Appreciation is the most powerful drive towards a good behavior. If a child does well, express overwhelming appreciation right away because when we appreciate them, it gives them a sense of worth. Show appreciation even in the simplest things they do. If you ask them to get something, immediately say thank you with a smile and let them feel that they have been a great help. Just like you, your child find ways to impress you that’s why it would be best be pleased about it. The more we appreciate their good deeds, the more motivated they will become in behaving better.

Affection

All of us wants to be loved, especially children. They continually find ways for them to be lovable. They are thirsty for your affection that’s why they find ways to catch your attention. You must always remember that love is the foundation of a lasting relationship. So, if you are nuts about good parenting, start by showing oodles of affection because if they don’t get it from you, they will find love somewhere else.

Acceptance

Showing unconditional acceptance provides your child a sense of belonging and security. Accept and be grateful for who he is. You are his parent, his own flesh and blood. If you can’t accept him the way he is, nobody else will.

Good parenting can never be learned anywhere. It is within you. Although books and numerous resources are readily available, but always remember that they are not made to alter your actions as a parent. They only serve as guidelines. Good parenting still lies in your hands.

The most effective parenting styles

Effective parenting technique is a puzzling topic that sometimes burnt out experts, and became a topic of brewing debates. However, developmental psychologists only began to study parenting and its influences on children in the 1920's. Most experts studying the most effective parenting technique rely on the concept of Diana Baumrind's three parenting styles, in which was found the authoritative parenting style to be the most balanced and healthiest.

Parenting can be seen as broad and limitless, when taking into consideration the differences in family values within the context of the norm, religious concepts, and many other ideals that shape the way parents deal with their children. Yet, failure in parenting cannot be solely blamed on specific instances but is seen as a typology of general practices of parents.

So what is the effective parenting technique? As broad as it might sound, authoritative parenting combines parental responsiveness and parental demandingness vis-ŕ-vis the age of a child. Parental responsiveness describes a parent's intent to foster self-regulation, individuality, and self-assertion by being supportive of and adjusting to a child's needs and desires. Parental demandingness relates more to controlling a child's behavior that is seen as inappropriate, and a parent's willingness to enforce gentle disciplinary efforts, and confronting a child who intentionally disobeys or has committed a mistake.

You can do age-specific activities or discipline in order to set limitations but not to a point of taking full control over your child's life. Parents, themselves, need to acknowledge differences in personality styles, ideas, and life perspectives especially when a child has grown into an adolescent.

Other experts, meanwhile, advocate attachment parenting as the effective parenting technique to use on infants. Dr. William Sears and his wife, Martha, were the first to describe attachment parenting as a style that highly demands responsiveness from parents. This style of parenting negates the popular belief of not responding to a baby's cry immediately so as not to spoil him/her. Attachment parenting advocates believe that crying is a baby's instinctive and survival tool, which is their only means of communication to the world.
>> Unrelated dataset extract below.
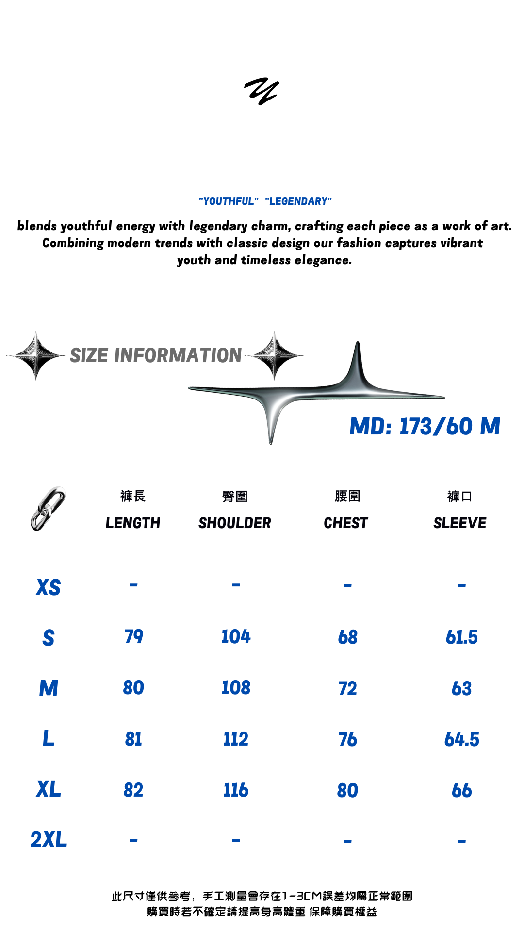 【如果您在尺寸上挑選有困難,歡迎私訊我們小編並提供 (身高體重、身高比例) 以我們的經驗幫你挑選適合的尺寸給您參考】

Both authoritative and attachment parenting are found to be the most effective parenting styles today, with studies showing positive results from children raised with these styles of parenting. Attachment parenting, in particular, advocates emotional closeness between parents and child to promote self-esteem and social competency later in life. Looking closely, these two styles of effective parenting techniques have similarities in terms of responding to children's needs and correcting ill behaviors in order to raise intellectually, emotionally, and socially-competitive individuals.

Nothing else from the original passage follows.